Records from a data source
Start of Block

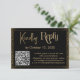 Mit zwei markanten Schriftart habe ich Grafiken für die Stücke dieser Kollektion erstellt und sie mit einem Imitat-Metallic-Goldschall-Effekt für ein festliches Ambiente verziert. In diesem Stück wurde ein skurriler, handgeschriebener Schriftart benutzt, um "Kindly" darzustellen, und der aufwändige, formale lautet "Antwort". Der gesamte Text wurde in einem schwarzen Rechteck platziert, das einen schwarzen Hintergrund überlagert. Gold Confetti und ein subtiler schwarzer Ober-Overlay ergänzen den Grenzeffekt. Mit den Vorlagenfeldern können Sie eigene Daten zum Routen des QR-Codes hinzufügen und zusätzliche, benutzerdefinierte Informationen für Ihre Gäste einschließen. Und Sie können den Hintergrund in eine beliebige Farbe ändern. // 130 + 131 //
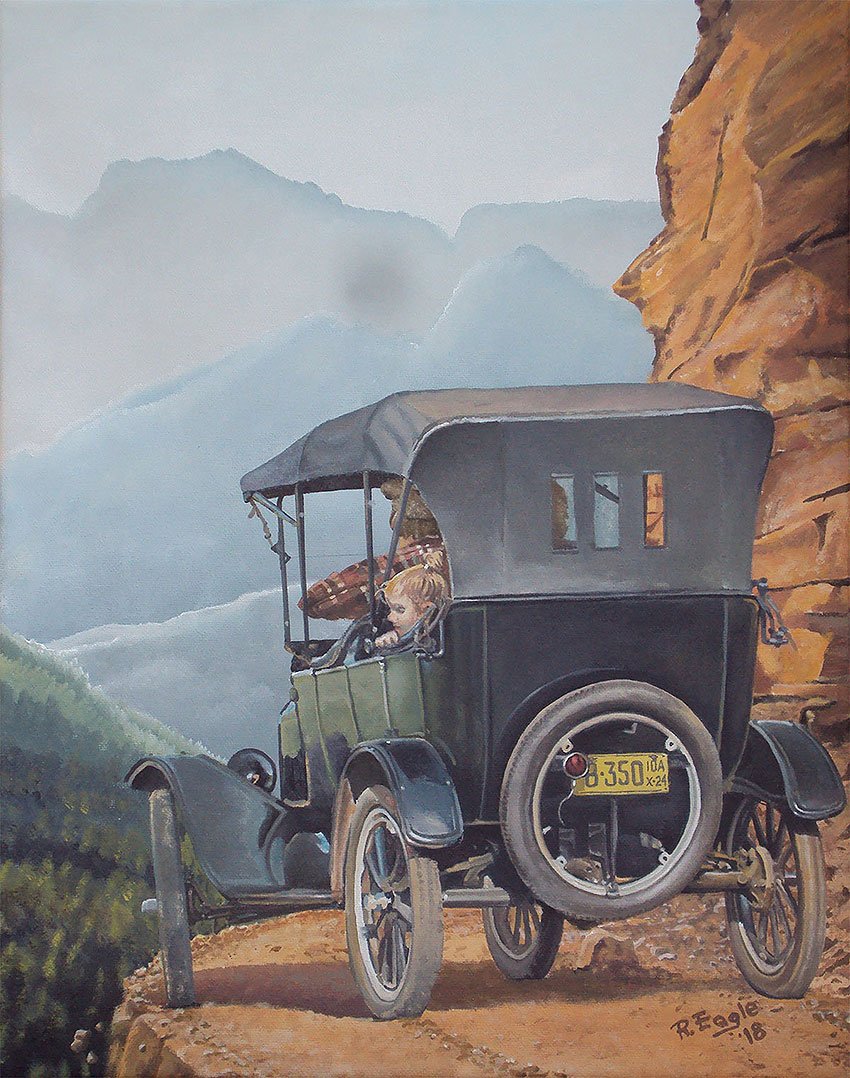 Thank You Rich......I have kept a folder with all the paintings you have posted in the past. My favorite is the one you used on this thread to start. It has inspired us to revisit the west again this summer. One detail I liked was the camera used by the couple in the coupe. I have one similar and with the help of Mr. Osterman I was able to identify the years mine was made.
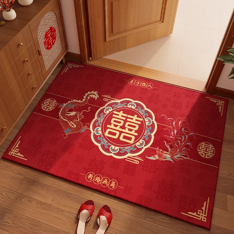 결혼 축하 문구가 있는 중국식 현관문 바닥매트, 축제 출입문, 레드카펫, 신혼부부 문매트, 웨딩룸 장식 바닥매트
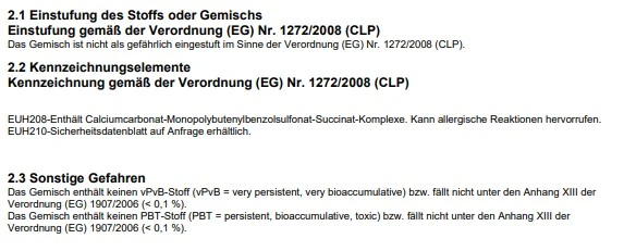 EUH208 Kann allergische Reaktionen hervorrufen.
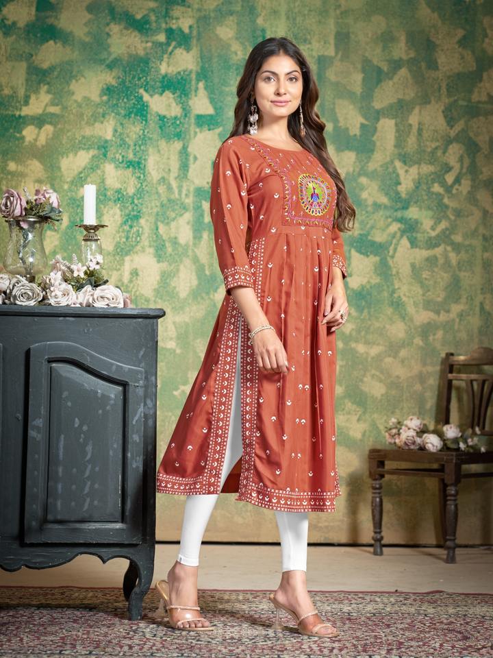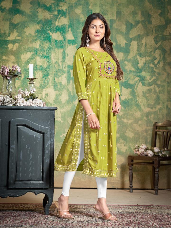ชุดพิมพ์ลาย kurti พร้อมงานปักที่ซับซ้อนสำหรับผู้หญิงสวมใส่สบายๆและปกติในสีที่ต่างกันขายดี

End of Block

§ **How to complete this task**
Leave the pictures out and output the rest of the data word for word.

§ **Your solution**
 Mit zwei markanten Schriftart habe ich Grafiken für die Stücke dieser Kollektion erstellt und sie mit einem Imitat-Metallic-Goldschall-Effekt für ein festliches Ambiente verziert. In diesem Stück wurde ein skurriler, handgeschriebener Schriftart benutzt, um "Kindly" darzustellen, und der aufwändige, formale lautet "Antwort". Der gesamte Text wurde in einem schwarzen Rechteck platziert, das einen schwarzen Hintergrund überlagert. Gold Confetti und ein subtiler schwarzer Ober-Overlay ergänzen den Grenzeffekt. Mit den Vorlagenfeldern können Sie eigene Daten zum Routen des QR-Codes hinzufügen und zusätzliche, benutzerdefinierte Informationen für Ihre Gäste einschließen. Und Sie können den Hintergrund in eine beliebige Farbe ändern. // 130 + 131 //
 Thank You Rich......I have kept a folder with all the paintings you have posted in the past. My favorite is the one you used on this thread to start. It has inspired us to revisit the west again this summer. One detail I liked was the camera used by the couple in the coupe. I have one similar and with the help of Mr. Osterman I was able to identify the years mine was made.
 결혼 축하 문구가 있는 중국식 현관문 바닥매트, 축제 출입문, 레드카펫, 신혼부부 문매트, 웨딩룸 장식 바닥매트
 EUH208 Kann allergische Reaktionen hervorrufen.
ชุดพิมพ์ลาย kurti พร้อมงานปักที่ซับซ้อนสำหรับผู้หญิงสวมใส่สบายๆและปกติในสีที่ต่างกันขายดี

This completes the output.